[...] People have no rights and he, the psychopath, has no obligations that derive from the "social contract." The psychopath holds himself to be above conventional morality and the law. The psychopath cannot delay gratification. He wants everything and wants it now. His whims, urges, catering to his needs, and the satisfaction of his drives take precedence over the needs, preferences, and emotions of even his nearest and dearest.
Consequently, psychopaths feel no remorse when they hurt or defraud others. They don't possess even the most rudimentary conscience. They rationalize their (often criminal) behavior and intellectualize it. Psychopaths fall prey to their own primitive defense mechanisms (such as narcissism, splitting, and projection). [...] The psychopath projects his own vulnerabilities, weaknesses, and shortcomings unto others and force them to behave the way he expects them to (this defense mechanism is known as "projective identification") [...]
As to the mechanism you mention - I have read about a similar concept in social psychology - that of self-fulfilling prophecy, a process in which we find confirmation and proof for our stereotypes by creating stereotypical behavior in out-group members through our treatment of them. Word, Zanna & Cooper in 1974 conducted a set of experiments that shows such. In the first study, they asked white students to interview job applicants who were either white or black. The students tended to display discomfort when interviewing the blacks; for instance, they sat further away, stammered, and ended the interview earlier. In a second study, the researchers varied the behavior of the student interviewers so that the latter acted towards a job applicant either the way that the interviewers had acted towards whites or the way they had acted towards blacks in the first study. They found that those applicants who had been interviewed in the way that blacks had been interviewed were judged to be more nervous and less effective than the others.
Great post, Violet Bear!
My dear Figaro - I'm sorry but Violet Bear's post can not be that "great," for the fact that it refers to an experimental study of dubious value - I was reading the other day Leon Festinger's experimental study on cognitive dissonance and I could not help but be skeptical of his method and assumptions.
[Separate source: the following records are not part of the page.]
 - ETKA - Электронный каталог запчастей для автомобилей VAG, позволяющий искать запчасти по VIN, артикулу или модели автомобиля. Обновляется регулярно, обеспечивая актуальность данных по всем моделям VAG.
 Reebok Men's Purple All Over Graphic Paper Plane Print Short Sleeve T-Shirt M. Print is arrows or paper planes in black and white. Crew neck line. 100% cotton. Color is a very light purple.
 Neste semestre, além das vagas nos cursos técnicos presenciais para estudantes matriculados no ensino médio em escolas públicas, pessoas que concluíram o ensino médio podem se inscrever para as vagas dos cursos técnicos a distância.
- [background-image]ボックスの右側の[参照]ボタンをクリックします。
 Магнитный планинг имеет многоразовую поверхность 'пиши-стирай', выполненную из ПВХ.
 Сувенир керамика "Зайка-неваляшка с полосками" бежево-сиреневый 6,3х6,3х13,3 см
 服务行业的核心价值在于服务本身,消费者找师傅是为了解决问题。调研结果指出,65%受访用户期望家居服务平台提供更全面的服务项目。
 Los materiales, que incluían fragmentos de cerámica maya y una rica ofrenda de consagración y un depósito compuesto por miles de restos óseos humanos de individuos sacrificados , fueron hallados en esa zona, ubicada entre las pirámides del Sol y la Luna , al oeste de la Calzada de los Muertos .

Here it is for y'all to draw your own conclusions, in case mines appear not persuasive enough to ya
In Festinger's classic 1959 experiment, students were asked to spend an hour on boring and tedious tasks (e.g., turning pegs a quarter turn over and over again). The tasks were designed to generate a strong, negative attitude. Once the subjects had done this, the experimenters asked some of them to do a simple favor. They were asked to talk to another subject (actually an actor/confederate) trying to persuade them that the tasks were interesting and engaging. Some participants were paid $20 (inflation adjusted to 2010, equating to $150) for this favor, while another group was paid $1 ($7.50 in 2010 dollars) - the control group was not asked to perform the favor at all.
After someone has performed dissonant behavior, they may find external consonant elements. Par exemple, a snake oil salesman may find a justification for promoting falsehoods (let's say, a large personal gain) - but may otherwise need to change his views about the falsehoods themselves.
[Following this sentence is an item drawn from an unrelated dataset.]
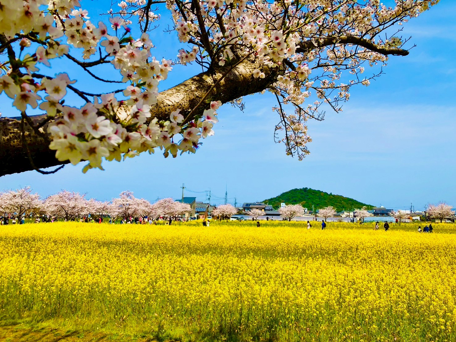 2025年4月5日の土曜日、奈良県宇陀市の「又兵衛桜」を見に行ったあと、奈良県橿原市の藤原宮跡へも行きました。ここでは、春は菜の花と桜、夏は蓮の花、秋はコスモスと季節の花々が植えられていて、それぞれの花のシーズンには見事な景色を楽しむことができます。(秋のコスモスの日記はこちら)時間的には又兵衛桜を見にいったあとだったので、藤原宮跡には午前11時頃に到着しました。さて駐車場へと思ったら、ここでもめっちゃ渋滞。 駐車場へ車をとめるだけでも一苦労でした。でも……ひとたび花園の中に足を踏み入れると…眼前にはまっ黄色の菜の花の海菜の花を囲んでいる桜も満開です菜の花と桜の共演が素晴らしいです本当に素晴らしかったです!せっかくここまで来たのだからと、近くにある「おふさ観音」にもお参りしてきました。藤原宮跡からは歩いて行ける距離です。こちらのお寺は「春のバラまつり」「秋のバラまつり」「夏の風鈴まつり」と季節ごとに目や耳を楽しませてくださいます。現在は「提灯まつり」の期間ということで、境内にはいくつもの提灯が下げられていました。本堂内を拝観するには500円の拝観料がかかるそうですが、境内は無料なので、気軽に境内を散策させていただくことができます。住宅街の中にあるこじんまりとした趣のあるお寺ですが、思っていた以上に中は広く、今度はバラまつりや風鈴まつりのときにもぜひお参りさせていただこうと思いました。又兵衛桜、藤原宮跡、おふさ観音と、半日で3か所もまわることが出来て、充実した日となりました。

When asked to rate the boring tasks at the conclusion of the study (not in the presence of the other "subject"), those in the $1 group rated them more positively than those in the $20 and control groups.
This was explained by Festinger as evidence for Cognitive Dissonance. The researchers theorized that people experienced dissonance between the conflicting cognitions, "I told someone that the task was interesting", and "I actually found it boring." When paid only $1, students were forced to internalize the attitude they were induced to express, because they had no other justification. Those in the $20 condition, however, had an obvious external justification for their behavior, experienced less dissonance, thus did not force themselves to internalize.